The Vancouver-based mining company Taseko is seeking approval from a federal review panel for its New Prosperity open pit gold-copper mine on Tsilhqot’in territory in British Columbia. Under their plan, a tailings pond for the mine’s waste would be located two kilometres from Fish Lake, which would limit water flow into Fish Lake, while the outflow of the lake would be cut off by the mine pit downstream. Also under their plan, waste rock and earth from the mine pit would be trucked and stored north of Fish Lake.
This week, HQPrinceGeorge.com reported, “A new report commissioned by a series of groups including the Council of Canadians indicates the mine would cost taxpayers at least $42 million in road up-grades in and out of the mine site. Spokesman John Dressler said ‘the Environmental Impact Statement suggests that these roads are acceptable when in fact any examination suggests they are not going to be able to stand up to the extra traffic. It makes no allowance for costs to Taseko Mines so by implication it will be the Province that will bear that extra cost.’ The report was prepared by Geotechnical Engineer Don Mackinnon.”

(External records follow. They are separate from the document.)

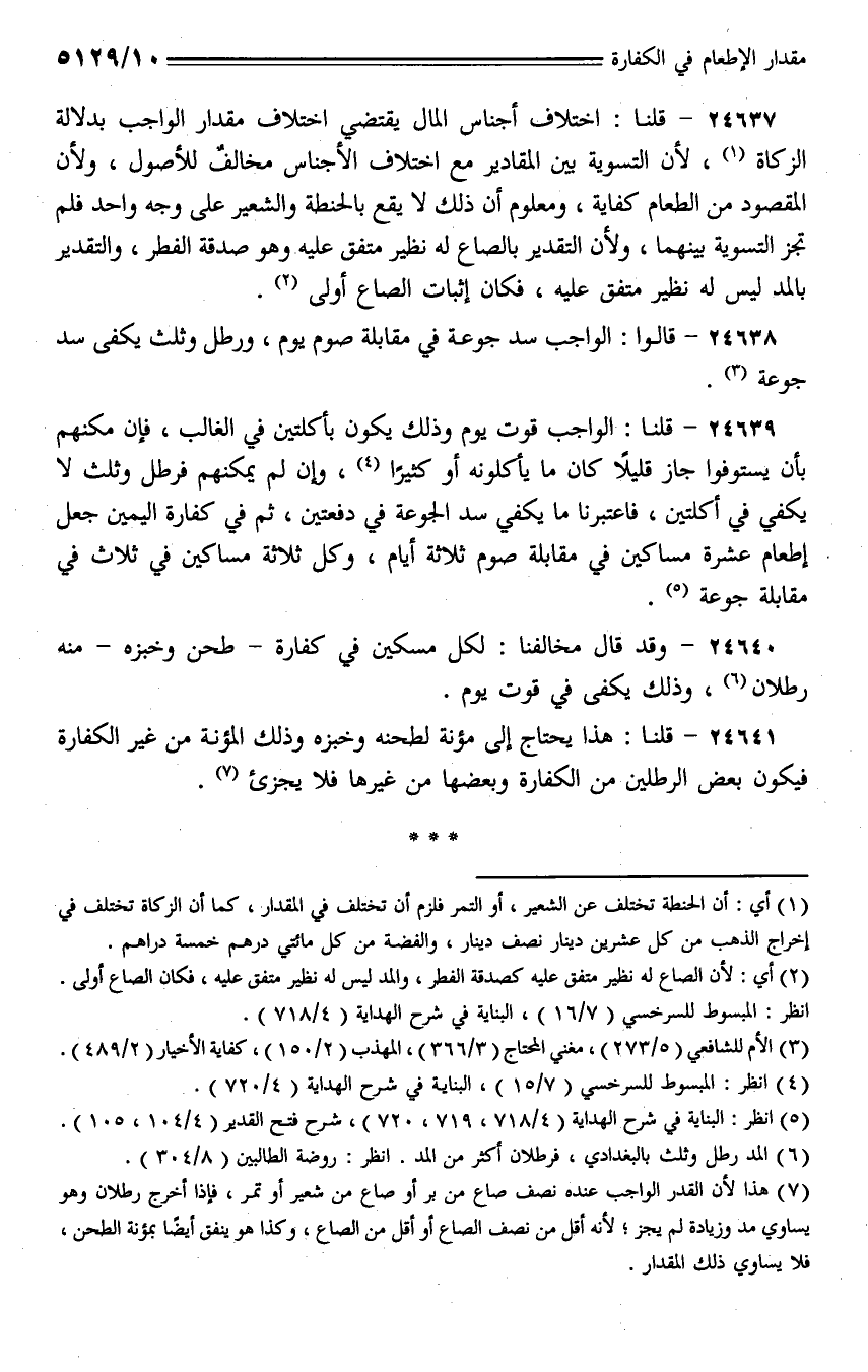 24637 - قلنا: اختلاف أجناس المال يقتضي اختلاف مقدار الواجب بدلالة الزكاة، لأن التسوية بين المقادير مع اختلاف الأجناس مخالف للأصول، ولأن المقصود من الطعام كفاية، ومعلوم أن ذلك لا يقع بالحنطة والشعير على وجه واحد فلم تجز التسوية بينهما، ولأن التقدير بالصاع له نظير متفق عليه وهو صدقة الفطر، والتقدير بالمد ليس له نظير متفق عليه، فكان إثبات الصاع أولى.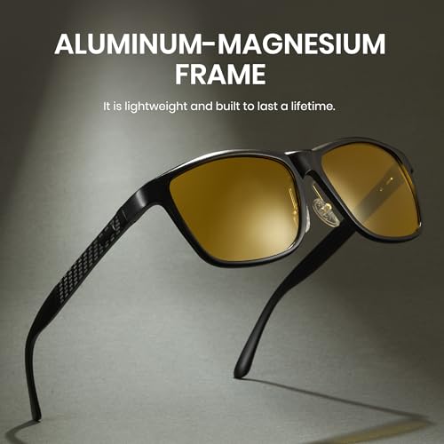 • Lightweight Aluminum‐Magnesium & Carbon Fiber Frame: Cyxus sunglasses for men are crafted with an ultralight AL-MG core wrapped in high-strength carbon fiber, these polarized sunglasses feel barely there — comfortable for all-day wear without pressure points.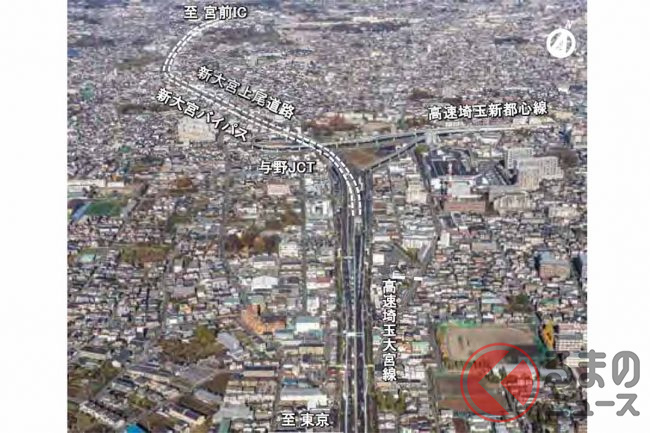 将来は群馬県へ!?「首都高上尾線」工事進行中 すでに「高架ニョキニョキ」状態!? 新大宮バイパスの“信号ゼロ”高架部が作業順調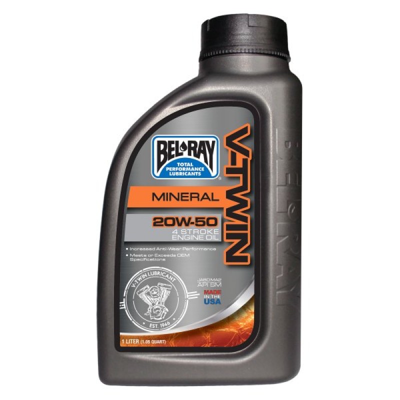 BEL-RAY V-TWIN MINERAL ENGINE OIL 20W-50 сформулировано, согласно высоких требований к маслам на нефтяной основе - с высоким индексом вязкости и низкой летучестью. Отличная альтернатива оригинальным маслам Harley-Davidson, Victory, Buell а так же Indian.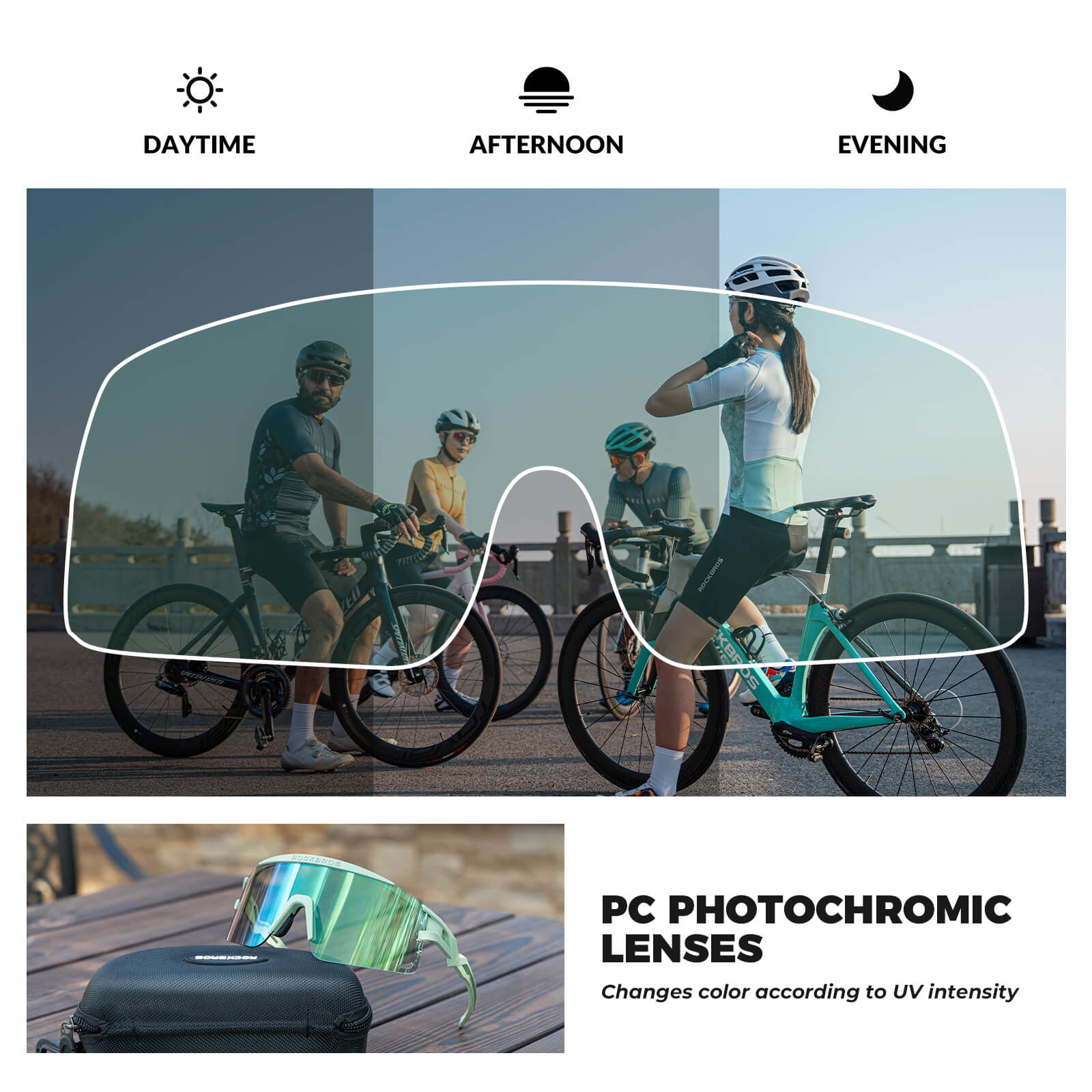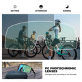 Hit the road or trails with confidence. The photochromic lenses automatically adapt to changing light conditions, reducing glare and enhancing contrast, so your vision stays sharp on sunny streets, shaded mountain paths, or busy urban commutes. -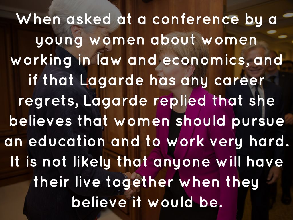When asked at a conference by a young women about women working in law and economics, and if that Lagarde has any career regrets, Lagarde replied that she believes that women should pursue an education and to work very hard. It is not likely that anyone will have their live together when they believe it would be.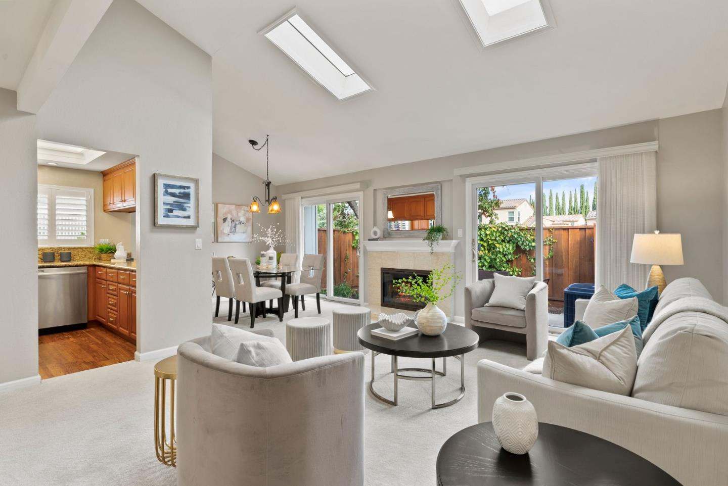 Relish in comfort & convenience in the desirable city of Cupertino. Tucked away in a manicured community, youll find this classic townhome with a bright interior, where plush carpeting expands across this split-level floor plan. Take in the sun-drenched living space as natural light floods through the towering sloped ceilings skylights & dual glass sliders that flow out to a private back patioenjoy after-dinner drinks in the evening air or cozy up by the elegant fireplace inside. The well-equipped kitchen offers gleaming planked flooring, stone countertops, & stainless steel appliances that further elevate your culinary experience. Stairs lead you up to the incredible primary with a private balcony, tons of closet space, & pristine ensuite. A full hall bath accompanies a lovely guest bedroom with built-in shelving & completes this darling abode. Explore your surroundings; you're minutes from plentiful shopping centers, golf courses, Apple, & all that Cupertino has to offer.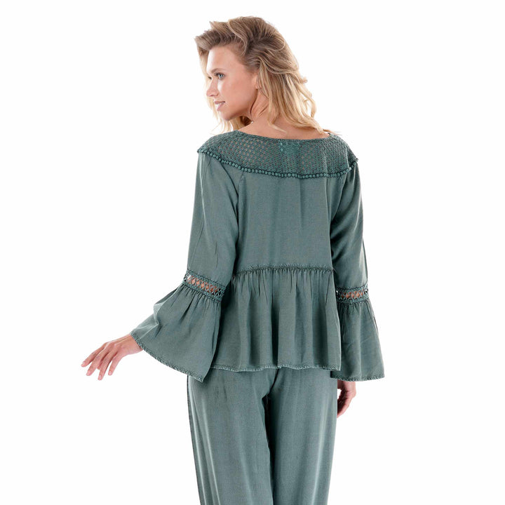Die Bluse Lilian vereint Komfort und Stil dank ihres bequemen Schnitts und des leichten Stoffes, ideal für wärmere Tage. Die Einsätze aus geflochtenen Stickereien verleihen einen raffinierten und handwerklichen Touch, der jedes Detail hervorhebt. Perfekt für alle, die ein vielseitiges und hochwertiges Kleidungsstück suchen, das sowohl lässige als auch gepflegte Looks elegant begleitet.

In October 2012, the Canadian Environmental Assessment Agency federal review panel announced the groups and individuals accepted to have ‘interested party status’ at hearings on the ‘New Prosperity Gold-Copper Mine Project’ at Fish Lake. Among the groups accepted – the Council of Canadians Williams Lake Chapter. At that time, the panel stated, “The Panel will establish the schedule and location for the different hearing sessions at a later date. The Panel will also explain how to register for specific sessions at that time.”
By November 2012, the Vancouver Sun reported, “A federal review panel has put the brakes on Taseko’s planned New Prosperity mine in the Chilcotin, citing a ‘major deficiency’ in the company’s environmental-impact statement. (Panel chair Bill Ross) said Taseko must now provide information related to the identified deficiency along with other pending requests before the panel can determine if the environmental-impact statement is ‘sufficient to proceed to public hearing’.”
Late this year or in early 2014, the Supreme Court of Canada will hear a case that involves a claim by the Tsilhqot’in First Nation to 4,380 square kilometres of territory west of Williams Lake. Tribal chairman Joe Alphonse highlights the case is about Tsilhqot’in ownership of the land, including the area that Taseko seeks to mine.